2. Market Small Businesses on the Web
Most businesses make use of the internet to market what they have to offer, so you should too. Make your research and find out the website where you can list your business without having to pay a commission when the businesses finally sold.
Note that businesses above around $3 to $5 million in sales can benefit from a marketing campaign (direct mail, telemarketing and focused direct calling) that can attract more buyers, and thus a higher price.
3. Manage the Process
Finding buyers is a difficult process and managing them is even a lot more difficult. Don’t be afraid to vet the buyer by asking them for a personal financial statement (a broker would do this for you, so you should do it too). It makes no sense to waste your time with a buyer who doesn’t even have the wherewithal to buy your business in the first place. You should also ask them to sign a non-disclosure agreement.
As soon as you find someone who is interested in your business you should keep the process moving and not delay things. Provide information, set up meetings, negotiate and keep trying to move them towards an offer.
4. Keep on it Through Due Diligence
Always bear in mind that you do not need to disclose everything before an offer and offer acceptance. Tell the buyer they will have time for checking the books, and if anything is amiss they can back out. You can even hold back on proprietary information that could be damaging if disclosed too soon. For instance, a customer list or key to a manufacturing process. A prospective buyer may wish a report that includes sales by customer, and this is a very reasonable request so they can see that your sales are not concentrated in a few accounts. You may be concerned that the buyer may steal customers from you especially if the buyer is into a similar business as yourself. The solution is to print the report and redact the actual names of the customers. However, you should not hide any negative information from the potential buyer.

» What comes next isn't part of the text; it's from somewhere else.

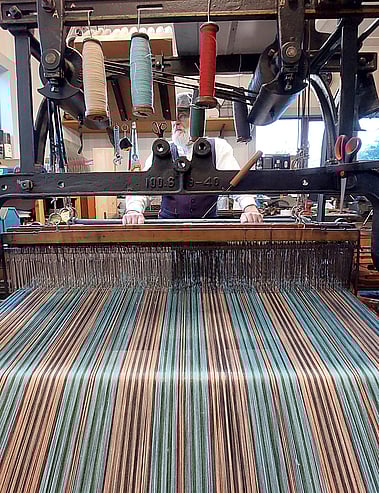 Our c1895 Hattersley Domestic Weaving System also provided us with a few design challenges. One of the limitations is the rotating shuttle box, which can only click once to the left or right for each colour change. We have five colours and six shuttles, so trying to tell complex cultural, historical and geographical stories is tricky; they need to be reduced to their essence.

Try to give the potential buyer all the necessary information before they make the offer. There is hardly ever a perfect business so negative information is not totally unexpected.
5. Use an Attorney
You can find business sales contracts, non-compete agreements, et al. online, however, you will still need the services of an attorney so as not to make any unforeseen mistakes. Some attorneys see business acquisitions as pay day, so if the transaction is tight on money you really need to pay attention in that area. Brokers typically have accountants and attorneys on their payroll who do these tasks for their clients. But since you are not using a broker, you’ll have to go and hire them yourself. Don’t worry because attorneys and accountants typically have fixed fees for tasks like these. Even though some charge by the hour, it won’t take much time for them if they’re just calculating taxes or creating documents. The only scenario where it would cost more money is if you had the attorney do the negotiating for you. But, you can handle that aspect of the deal yourself. Just let the attorney know what you want and what you expect out of the transaction. Then they’ll create the contracts and agreements in accordance with the information that you provide them. Remember that your attorney works for you, and you make the decisions.
In conclusion, selling a business without a broker can be done, but be aware that statistically more un-brokered deals fall apart than those managed by a broker. Another option, if you already have found a buyer, is to negotiate with a broker for their services in managing and structuring the deal.